◆ Records provided
* * * *
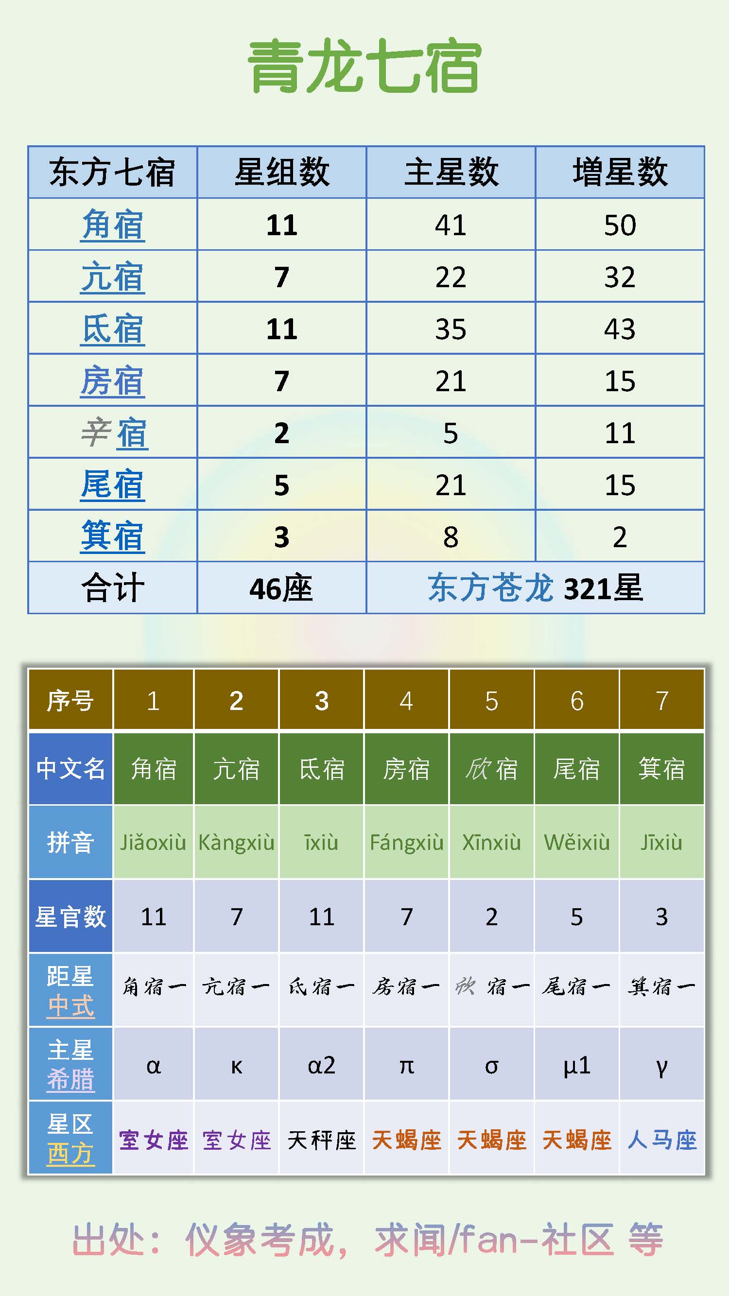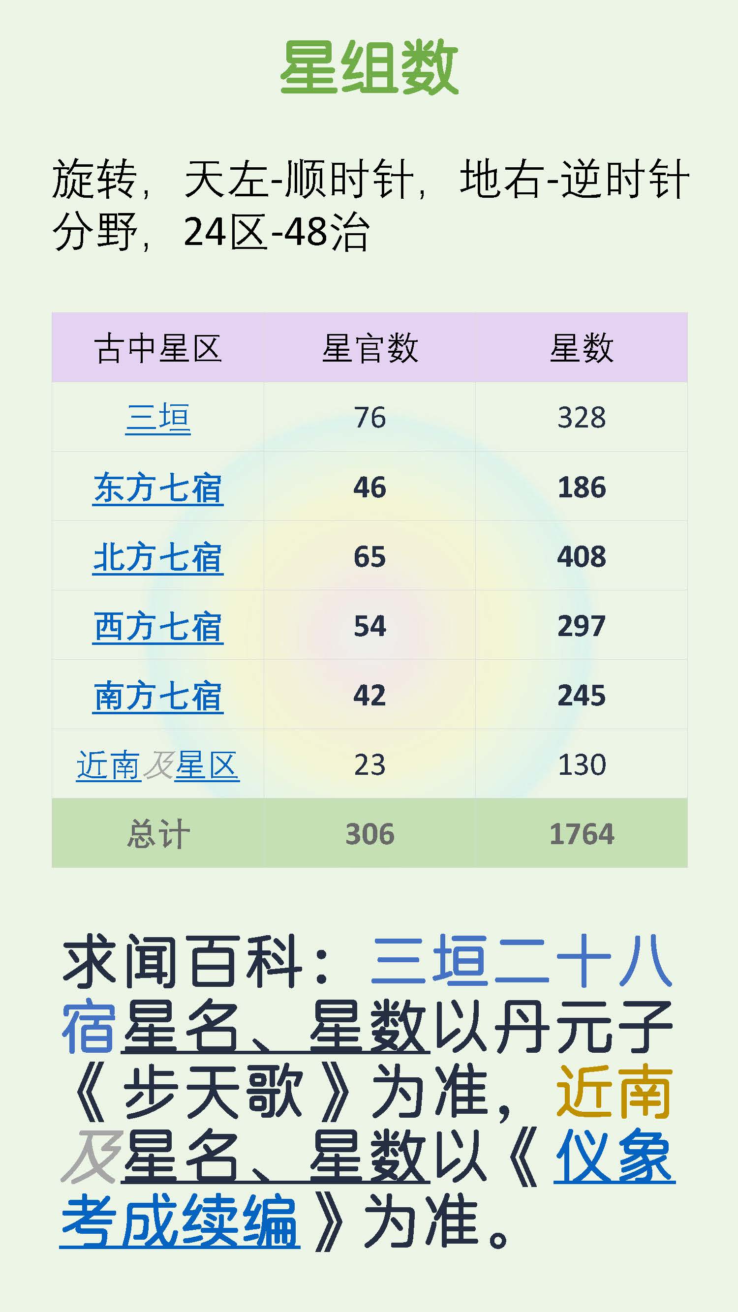 求闻百科:三垣二十八宿星数以丹元子《步天歌》为准,近南及星名、星数以《仪象考成续编》为准。
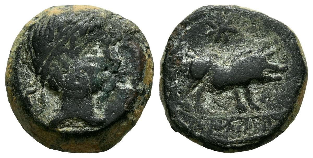 CASTULO (Cazlona, Jaen). Quadrant. (Ae. 3.69g/14mm). 180 BC (FAB-739). Obv: Laureate male head to right, Iberian letter in front. Rev: Boar to right, above star, below Iberian legend: CASTELE. Very Fine. Scarce copy.
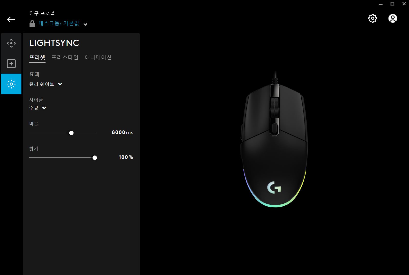크게 특성은 타지 않지만, 조명 선택을 하려면 G HUB를 설치해야 하네요.
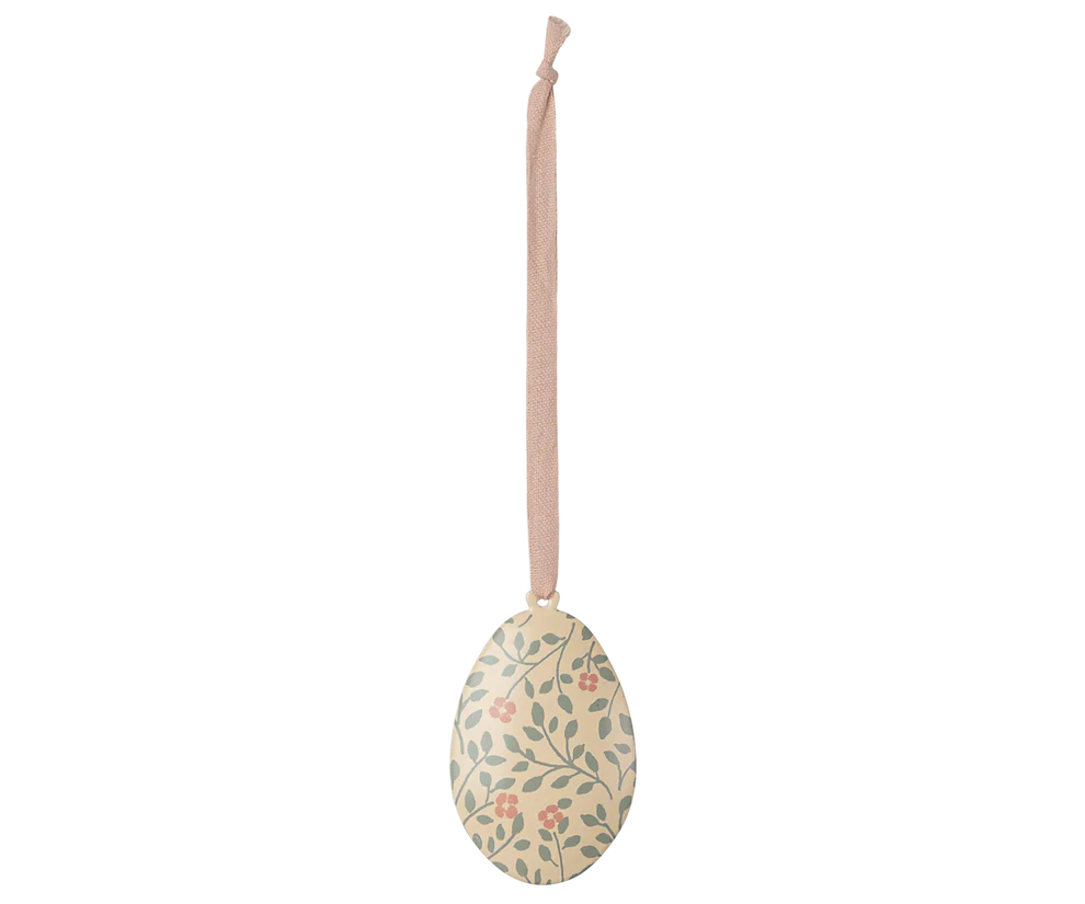 Metal påskeæg ornamenter med blomsterprint. De er smukke på en gren som dekoration på påskebordet. Mix de forskellige farver med andre Maileg påskeornamenter for at fuldende din dekoration.
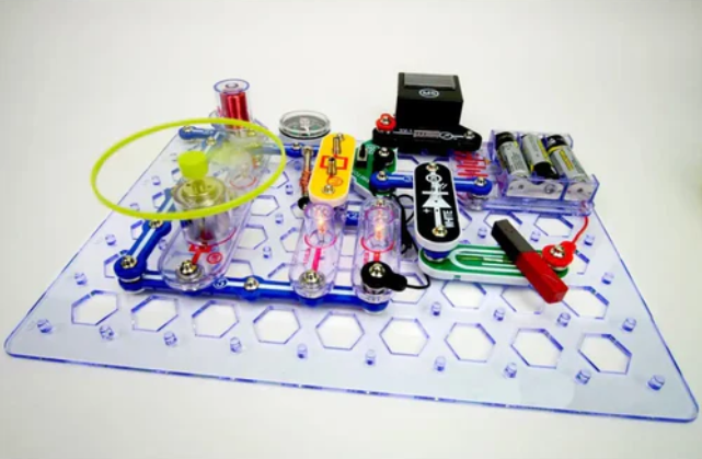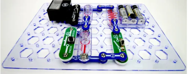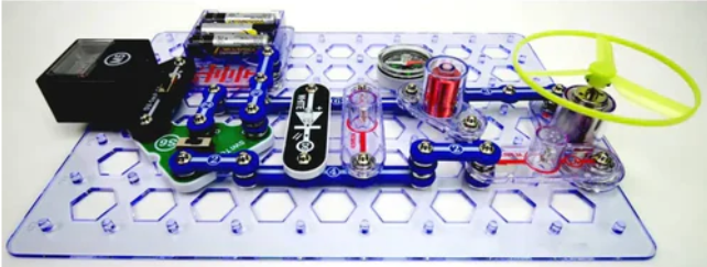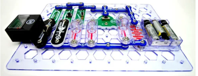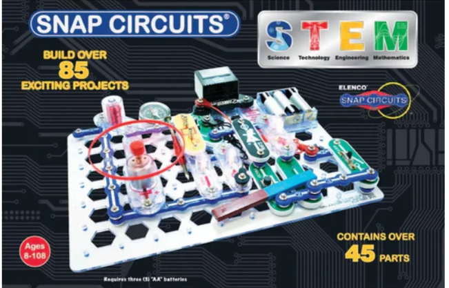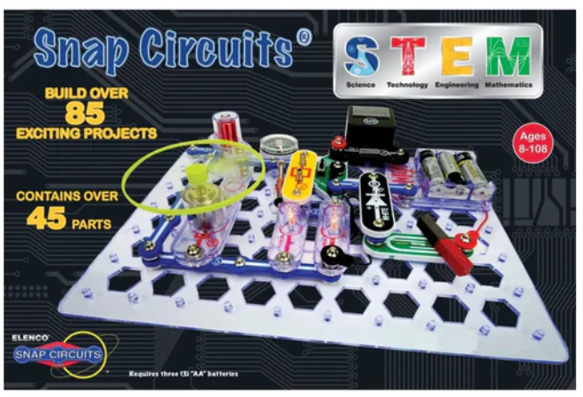 • The Snap Circuits STEM Kit uses snap-on building blocks to assemble different electronic circuits on a simple "row and column" base grid, which functions like a printed circuit board in most electronics. Each part can be easily identified by its different color and functional purpose. Learn about electricity and magnetism and how they relate to each other. This project will help students learn about magnetic fields, how electricity works in the home, and how switches control electricity for home lighting.
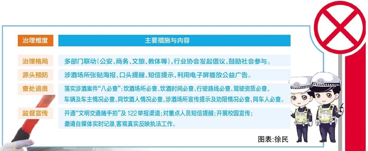 《实施意见》指出,加强酒驾醉驾全链条治理,强化部门协同,公安、商务、文旅、教体、交通、应急等部门将建立常态化联动机制,定期研判交通安全形势。
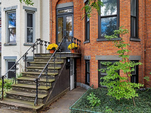 Welcome to this beautiful red brick townhouse situated on a picturesque lot with Hudson River frontage and incredible views. Spanning three spacious floors, this 2+ bed 2.5 bath property offers major potential and versatility! Keep as a single family residence or easily convert to a multi-family property. Plumbing is already in place to facilitate the addition of a second level kitchen. Heating, plumbing, and electrical have all been updated! Enjoy the ornate architectural details, high ceilings, pocket doors, and decorative fireplaces. Many newer windows and doors. Large garage at rear of property, great for off-street parking or storage. Driveway accessed from Nelson Ave. Newer backyard deck just off garden level kitchen. Close proximity to Troy, Albany, and all major routes of travel!
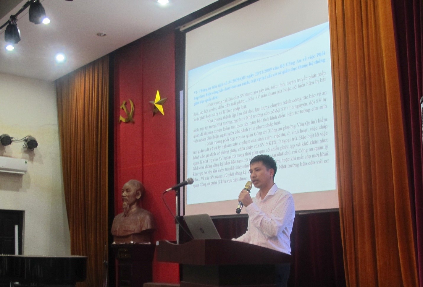 Ông Đồng Văn Thuật – Phó Trưởng phòng Công tác học sinh – sinh viên phổ biến quy chế sinh viên nội trú – ngoại trú
* * * *
◆ Action item
Set down the entries above again exactly, minus any image.

◆ Written response
 求闻百科:三垣二十八宿星数以丹元子《步天歌》为准,近南及星名、星数以《仪象考成续编》为准。
 CASTULO (Cazlona, Jaen). Quadrant. (Ae. 3.69g/14mm). 180 BC (FAB-739). Obv: Laureate male head to right, Iberian letter in front. Rev: Boar to right, above star, below Iberian legend: CASTELE. Very Fine. Scarce copy.
크게 특성은 타지 않지만, 조명 선택을 하려면 G HUB를 설치해야 하네요.
 Metal påskeæg ornamenter med blomsterprint. De er smukke på en gren som dekoration på påskebordet. Mix de forskellige farver med andre Maileg påskeornamenter for at fuldende din dekoration.
 • The Snap Circuits STEM Kit uses snap-on building blocks to assemble different electronic circuits on a simple "row and column" base grid, which functions like a printed circuit board in most electronics. Each part can be easily identified by its different color and functional purpose. Learn about electricity and magnetism and how they relate to each other. This project will help students learn about magnetic fields, how electricity works in the home, and how switches control electricity for home lighting.
 《实施意见》指出,加强酒驾醉驾全链条治理,强化部门协同,公安、商务、文旅、教体、交通、应急等部门将建立常态化联动机制,定期研判交通安全形势。
 Welcome to this beautiful red brick townhouse situated on a picturesque lot with Hudson River frontage and incredible views. Spanning three spacious floors, this 2+ bed 2.5 bath property offers major potential and versatility! Keep as a single family residence or easily convert to a multi-family property. Plumbing is already in place to facilitate the addition of a second level kitchen. Heating, plumbing, and electrical have all been updated! Enjoy the ornate architectural details, high ceilings, pocket doors, and decorative fireplaces. Many newer windows and doors. Large garage at rear of property, great for off-street parking or storage. Driveway accessed from Nelson Ave. Newer backyard deck just off garden level kitchen. Close proximity to Troy, Albany, and all major routes of travel!
 Ông Đồng Văn Thuật – Phó Trưởng phòng Công tác học sinh – sinh viên phổ biến quy chế sinh viên nội trú – ngoại trú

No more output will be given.